→ **INFORMATION GIVEN**
━━━━━━━━

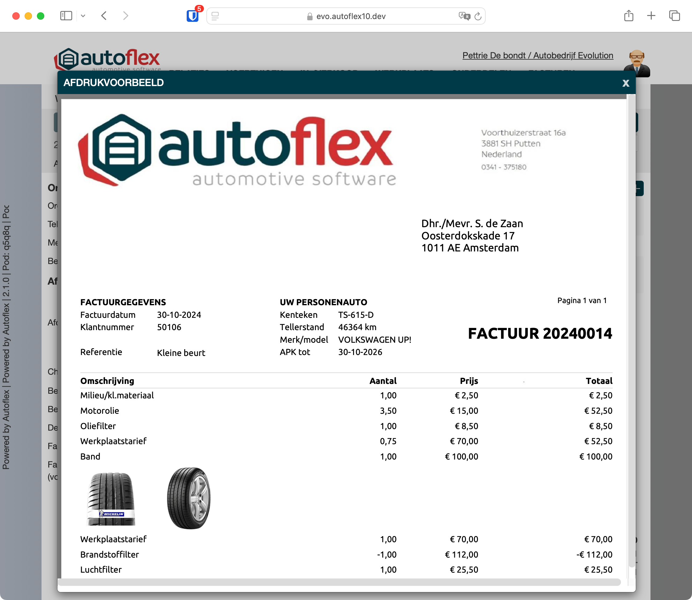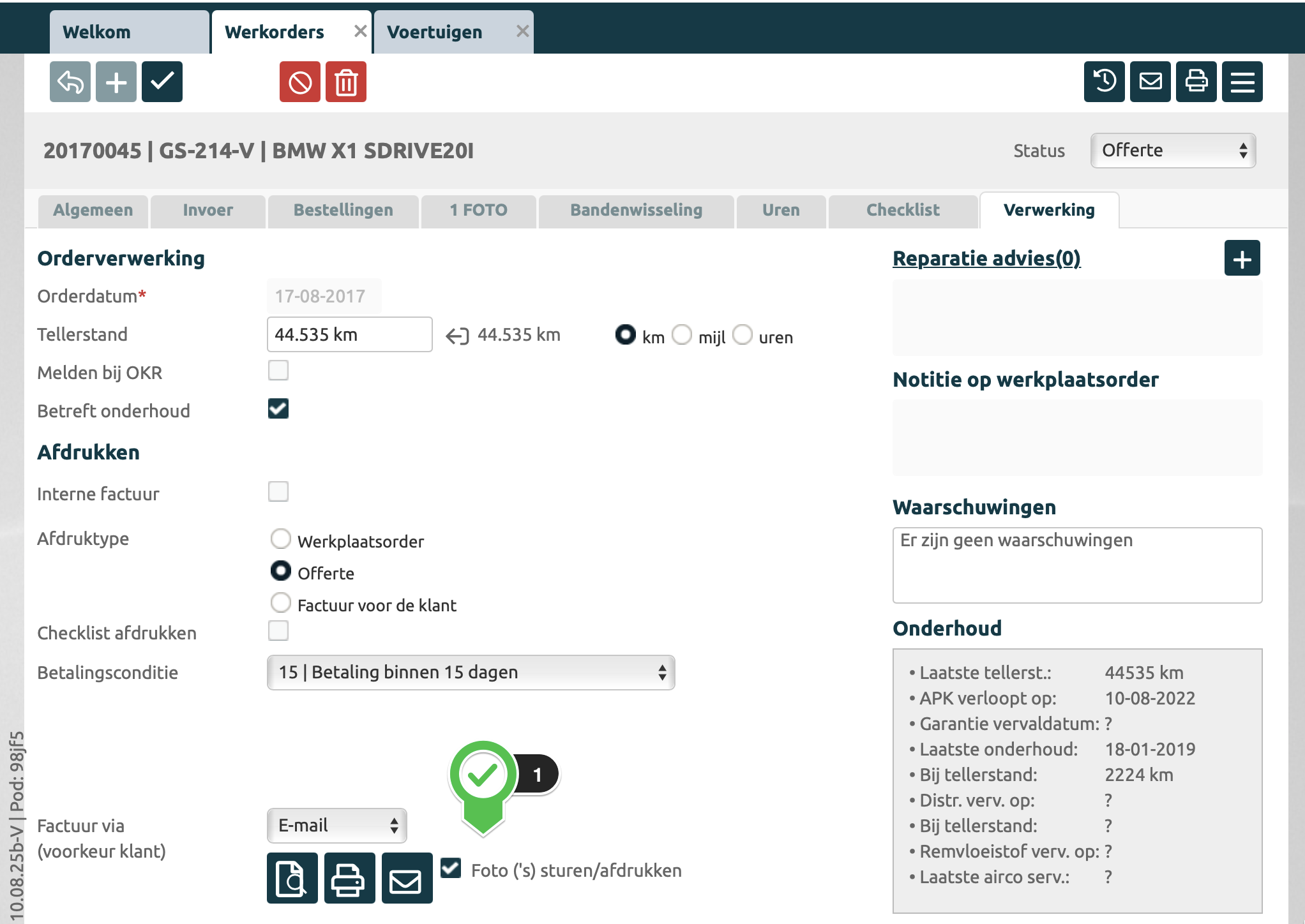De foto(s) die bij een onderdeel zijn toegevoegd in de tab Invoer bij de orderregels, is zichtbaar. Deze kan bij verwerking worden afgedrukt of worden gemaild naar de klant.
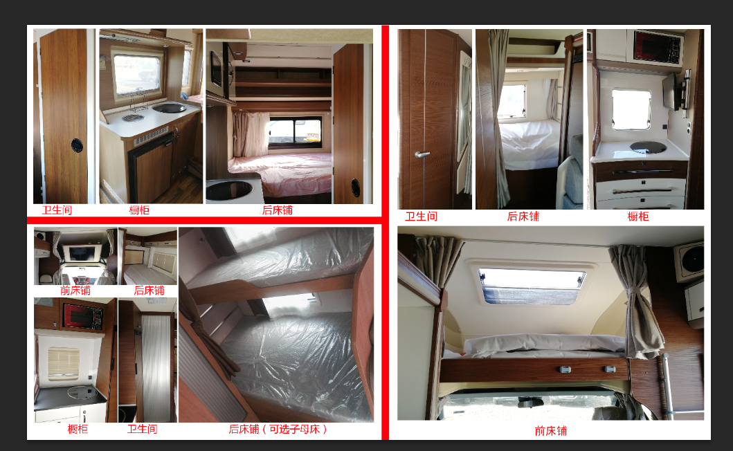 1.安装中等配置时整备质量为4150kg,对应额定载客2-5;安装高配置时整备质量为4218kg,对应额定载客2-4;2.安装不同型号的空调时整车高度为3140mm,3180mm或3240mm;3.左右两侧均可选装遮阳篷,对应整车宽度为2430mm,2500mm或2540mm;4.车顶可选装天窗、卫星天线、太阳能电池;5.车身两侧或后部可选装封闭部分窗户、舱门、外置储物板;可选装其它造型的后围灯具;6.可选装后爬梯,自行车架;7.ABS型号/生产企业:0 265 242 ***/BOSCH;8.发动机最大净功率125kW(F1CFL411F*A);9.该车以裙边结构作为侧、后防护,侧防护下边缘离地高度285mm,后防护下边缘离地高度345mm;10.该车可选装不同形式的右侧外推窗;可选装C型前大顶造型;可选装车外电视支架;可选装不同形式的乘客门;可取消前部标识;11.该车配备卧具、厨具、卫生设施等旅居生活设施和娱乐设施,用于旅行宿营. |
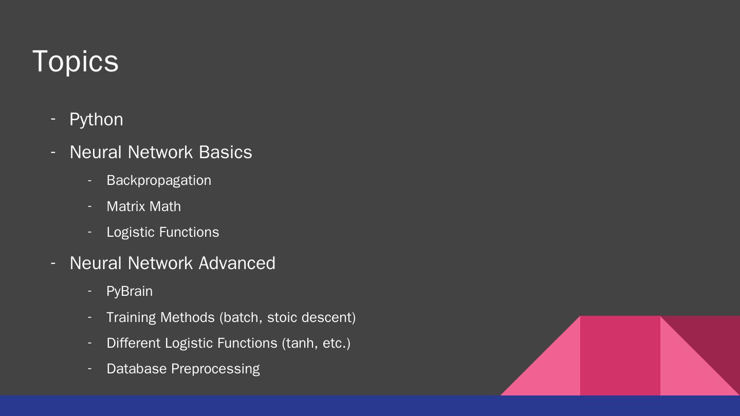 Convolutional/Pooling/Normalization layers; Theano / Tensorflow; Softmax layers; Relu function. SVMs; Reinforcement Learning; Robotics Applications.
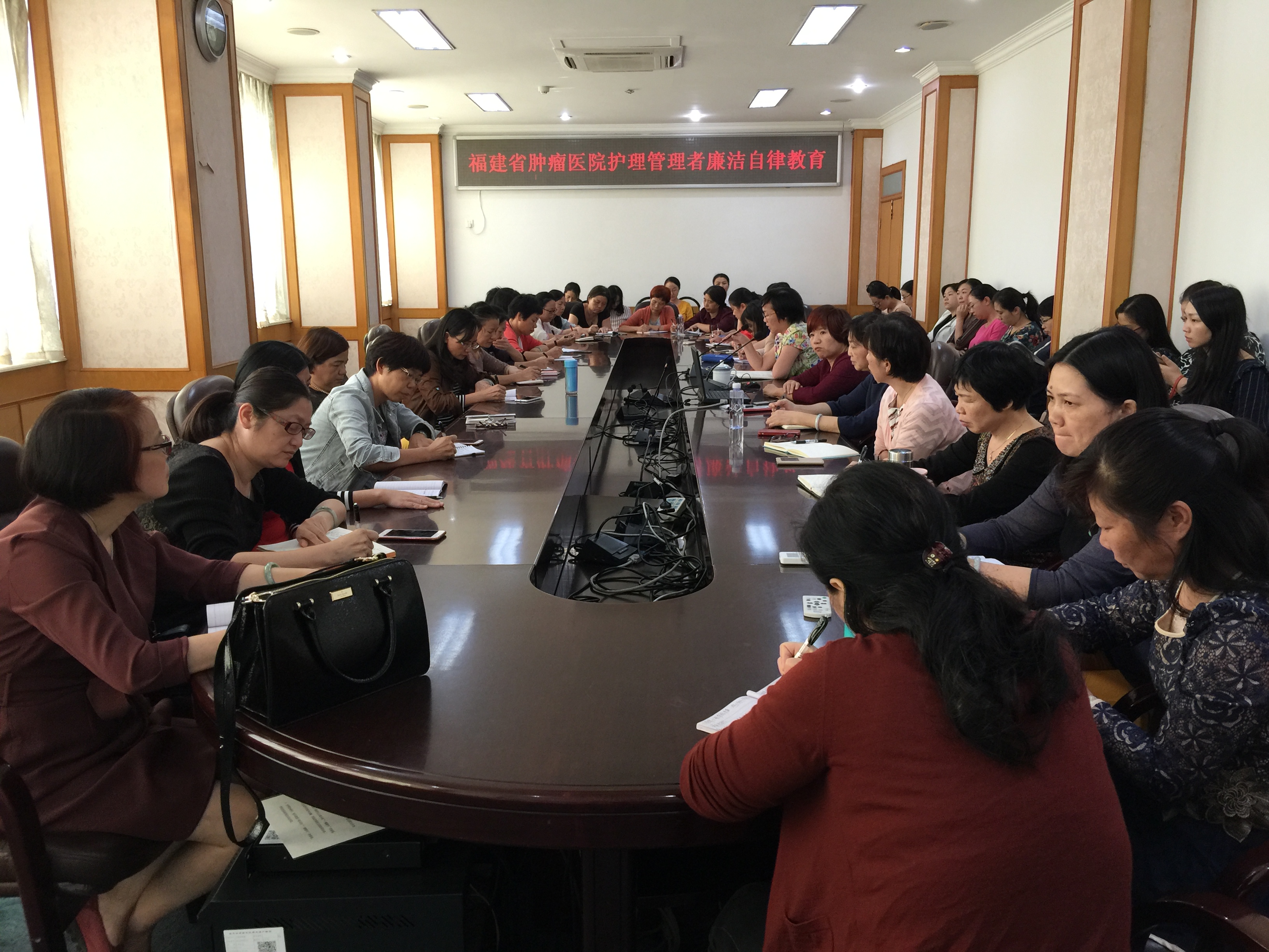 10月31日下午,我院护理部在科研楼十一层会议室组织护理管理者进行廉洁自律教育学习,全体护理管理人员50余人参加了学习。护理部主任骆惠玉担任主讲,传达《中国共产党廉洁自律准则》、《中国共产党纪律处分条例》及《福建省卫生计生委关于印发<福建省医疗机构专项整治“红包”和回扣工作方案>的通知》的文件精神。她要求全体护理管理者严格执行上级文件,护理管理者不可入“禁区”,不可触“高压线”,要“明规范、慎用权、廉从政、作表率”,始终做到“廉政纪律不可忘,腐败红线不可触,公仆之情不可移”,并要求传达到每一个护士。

━━━━━━━━

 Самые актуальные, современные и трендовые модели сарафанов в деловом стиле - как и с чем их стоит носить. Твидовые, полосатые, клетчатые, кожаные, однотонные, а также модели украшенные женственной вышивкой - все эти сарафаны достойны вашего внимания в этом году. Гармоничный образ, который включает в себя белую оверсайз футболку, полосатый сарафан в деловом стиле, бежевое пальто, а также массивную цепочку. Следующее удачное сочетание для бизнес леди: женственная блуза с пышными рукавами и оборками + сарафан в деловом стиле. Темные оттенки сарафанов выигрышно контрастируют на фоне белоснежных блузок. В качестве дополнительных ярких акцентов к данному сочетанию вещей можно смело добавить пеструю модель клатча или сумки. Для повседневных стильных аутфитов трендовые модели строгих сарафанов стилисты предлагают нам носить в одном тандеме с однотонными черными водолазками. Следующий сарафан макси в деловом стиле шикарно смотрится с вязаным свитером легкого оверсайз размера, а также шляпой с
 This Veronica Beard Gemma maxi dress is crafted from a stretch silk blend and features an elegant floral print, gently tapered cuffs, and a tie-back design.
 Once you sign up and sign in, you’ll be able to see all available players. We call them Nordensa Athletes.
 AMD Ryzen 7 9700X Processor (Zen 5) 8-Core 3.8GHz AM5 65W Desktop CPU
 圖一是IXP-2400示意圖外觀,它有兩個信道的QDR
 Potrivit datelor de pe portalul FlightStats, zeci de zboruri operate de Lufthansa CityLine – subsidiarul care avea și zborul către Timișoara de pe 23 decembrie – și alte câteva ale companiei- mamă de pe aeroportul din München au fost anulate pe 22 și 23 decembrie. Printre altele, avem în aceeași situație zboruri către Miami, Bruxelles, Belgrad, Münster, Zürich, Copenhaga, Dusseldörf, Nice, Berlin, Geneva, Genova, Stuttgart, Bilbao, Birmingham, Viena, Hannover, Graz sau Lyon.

━━━━━━━━

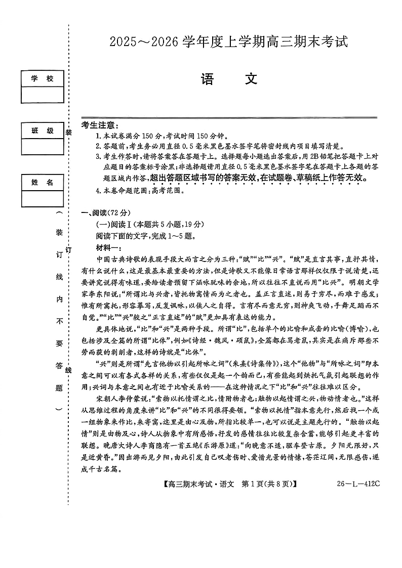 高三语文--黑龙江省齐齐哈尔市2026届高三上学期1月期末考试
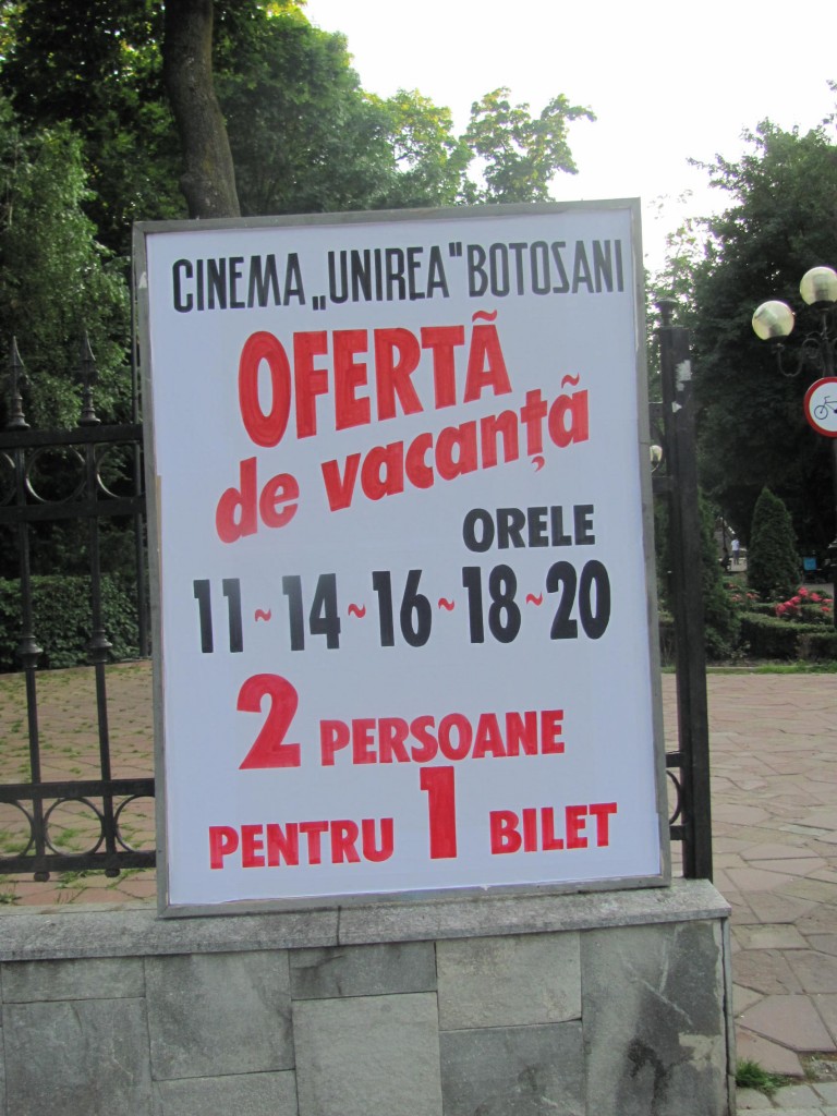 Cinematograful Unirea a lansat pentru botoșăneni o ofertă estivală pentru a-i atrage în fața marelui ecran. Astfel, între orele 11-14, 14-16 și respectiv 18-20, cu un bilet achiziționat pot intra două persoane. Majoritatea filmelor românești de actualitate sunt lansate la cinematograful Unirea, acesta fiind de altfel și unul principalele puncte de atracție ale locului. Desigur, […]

━━━━━━━━

→ **PROBLEM REQUIREMENTS**
Set down, exactly as they stand above, the lines starting with the line with "This Veronica Beard" and going on through the line with "Potrivit datelor de", and no others.

→ **SOLUTION TO THIS TASK**
 This Veronica Beard Gemma maxi dress is crafted from a stretch silk blend and features an elegant floral print, gently tapered cuffs, and a tie-back design.
 Once you sign up and sign in, you’ll be able to see all available players. We call them Nordensa Athletes.
 AMD Ryzen 7 9700X Processor (Zen 5) 8-Core 3.8GHz AM5 65W Desktop CPU
 圖一是IXP-2400示意圖外觀,它有兩個信道的QDR
 Potrivit datelor de pe portalul FlightStats, zeci de zboruri operate de Lufthansa CityLine – subsidiarul care avea și zborul către Timișoara de pe 23 decembrie – și alte câteva ale companiei- mamă de pe aeroportul din München au fost anulate pe 22 și 23 decembrie. Printre altele, avem în aceeași situație zboruri către Miami, Bruxelles, Belgrad, Münster, Zürich, Copenhaga, Dusseldörf, Nice, Berlin, Geneva, Genova, Stuttgart, Bilbao, Birmingham, Viena, Hannover, Graz sau Lyon.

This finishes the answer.